**** EXERCISE INPUT ****

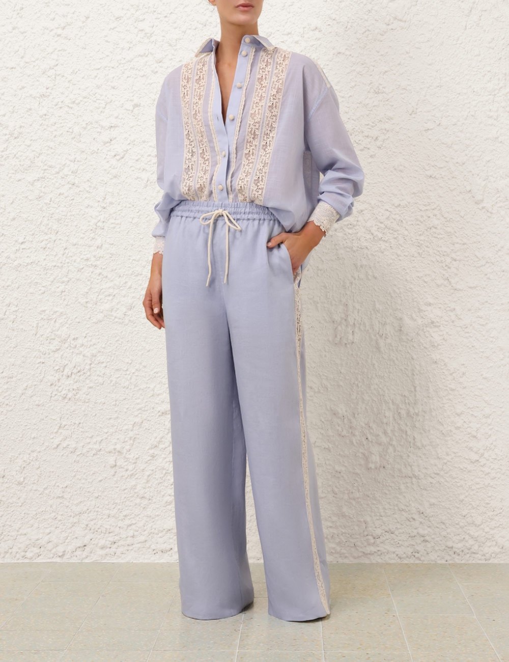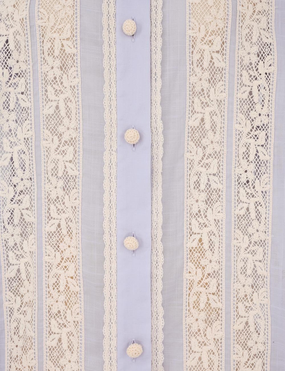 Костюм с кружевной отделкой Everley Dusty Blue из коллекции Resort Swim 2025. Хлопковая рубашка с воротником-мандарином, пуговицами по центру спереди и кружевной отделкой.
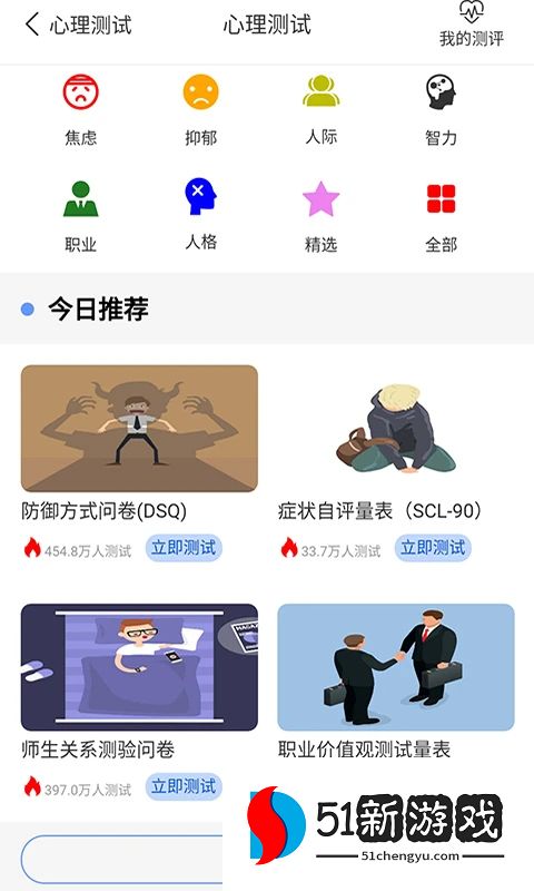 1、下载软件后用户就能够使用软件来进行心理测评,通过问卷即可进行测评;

****
**** EXERCISE INPUT ****

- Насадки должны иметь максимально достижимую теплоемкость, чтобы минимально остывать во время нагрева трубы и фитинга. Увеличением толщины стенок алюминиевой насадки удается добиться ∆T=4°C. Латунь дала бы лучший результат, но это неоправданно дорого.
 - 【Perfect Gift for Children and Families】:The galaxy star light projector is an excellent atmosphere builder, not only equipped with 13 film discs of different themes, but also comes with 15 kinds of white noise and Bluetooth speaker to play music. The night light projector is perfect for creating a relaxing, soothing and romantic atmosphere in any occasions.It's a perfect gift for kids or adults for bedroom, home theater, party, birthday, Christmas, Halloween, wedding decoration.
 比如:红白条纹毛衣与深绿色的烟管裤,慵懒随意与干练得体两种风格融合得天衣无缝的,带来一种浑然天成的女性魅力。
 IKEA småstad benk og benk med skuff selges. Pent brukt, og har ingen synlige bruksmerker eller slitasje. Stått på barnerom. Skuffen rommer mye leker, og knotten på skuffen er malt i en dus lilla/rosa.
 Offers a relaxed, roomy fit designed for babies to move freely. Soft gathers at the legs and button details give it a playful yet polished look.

****
**** EXERCISE INPUT ****

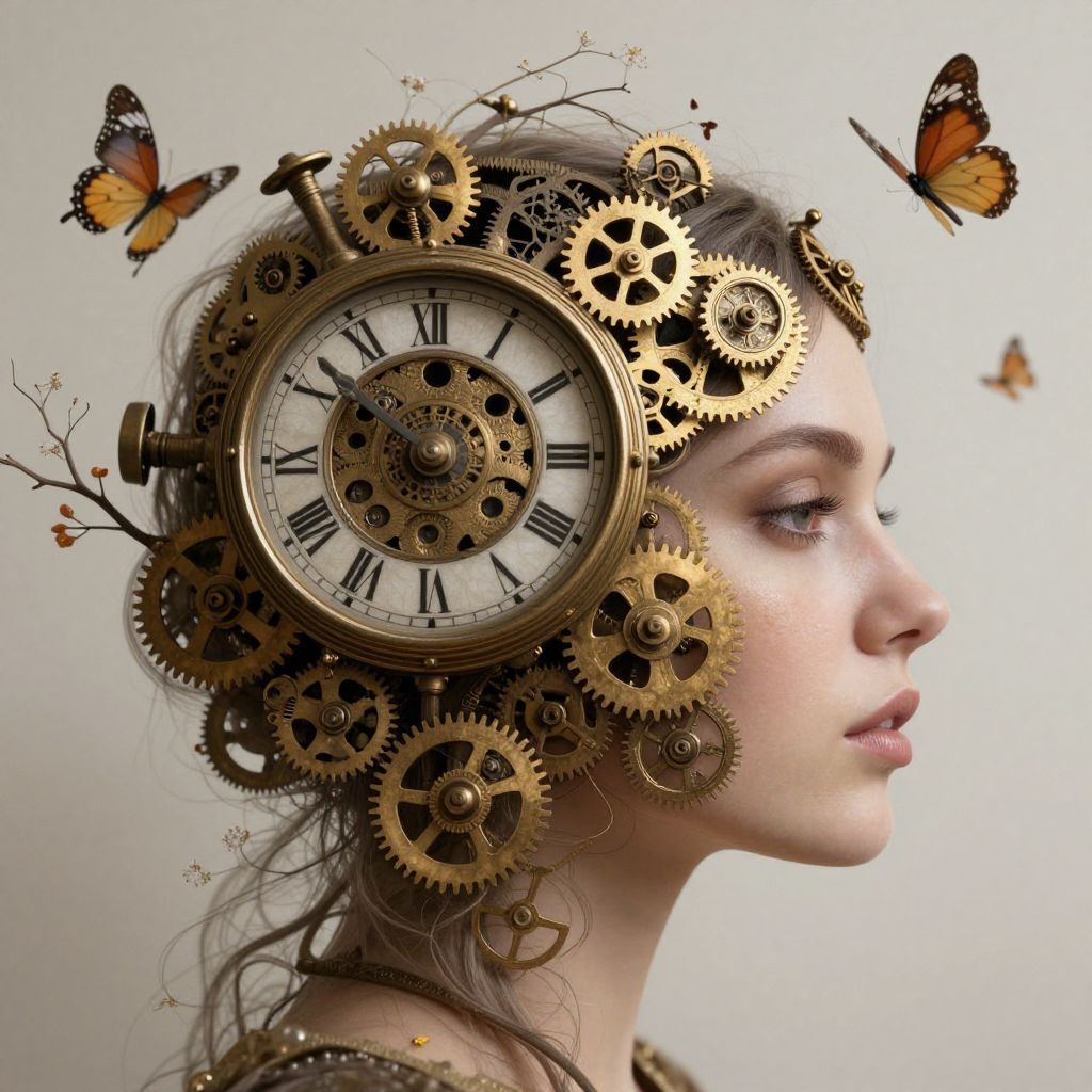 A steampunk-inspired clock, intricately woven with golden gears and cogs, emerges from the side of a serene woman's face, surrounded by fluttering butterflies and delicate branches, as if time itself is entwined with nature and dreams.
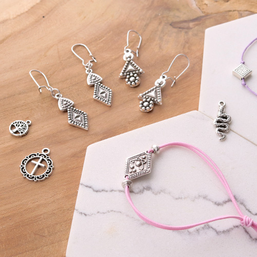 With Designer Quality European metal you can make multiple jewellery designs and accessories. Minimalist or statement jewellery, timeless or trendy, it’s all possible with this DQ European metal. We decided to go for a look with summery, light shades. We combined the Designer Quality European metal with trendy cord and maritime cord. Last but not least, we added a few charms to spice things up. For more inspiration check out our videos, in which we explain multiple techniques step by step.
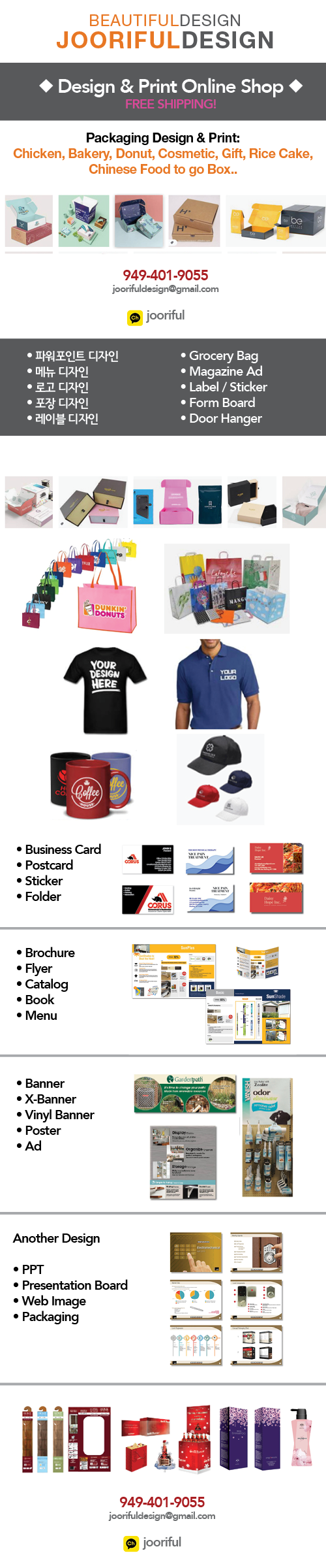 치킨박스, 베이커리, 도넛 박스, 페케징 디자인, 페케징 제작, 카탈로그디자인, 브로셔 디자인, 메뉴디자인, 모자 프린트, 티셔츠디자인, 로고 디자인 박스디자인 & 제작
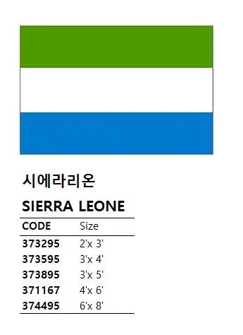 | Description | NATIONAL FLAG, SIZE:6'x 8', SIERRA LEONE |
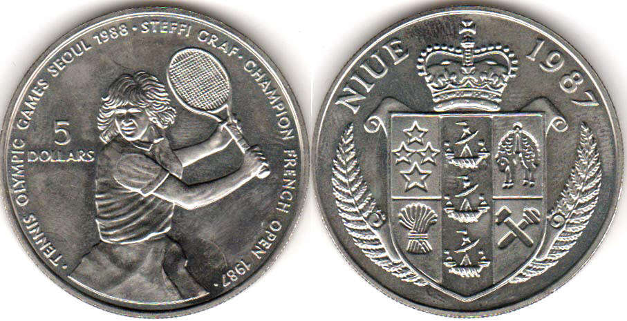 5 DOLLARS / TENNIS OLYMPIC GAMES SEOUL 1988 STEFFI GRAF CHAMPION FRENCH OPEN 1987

****

WHAT TO DO: Begin at the line that has "IKEA småstad benk" in the entries above; stop after the line that has "Offers a relaxed, roomy". Transcribe exactly those lines and no others.

SOLUTION BELOW:
 IKEA småstad benk og benk med skuff selges. Pent brukt, og har ingen synlige bruksmerker eller slitasje. Stått på barnerom. Skuffen rommer mye leker, og knotten på skuffen er malt i en dus lilla/rosa.
 Offers a relaxed, roomy fit designed for babies to move freely. Soft gathers at the legs and button details give it a playful yet polished look.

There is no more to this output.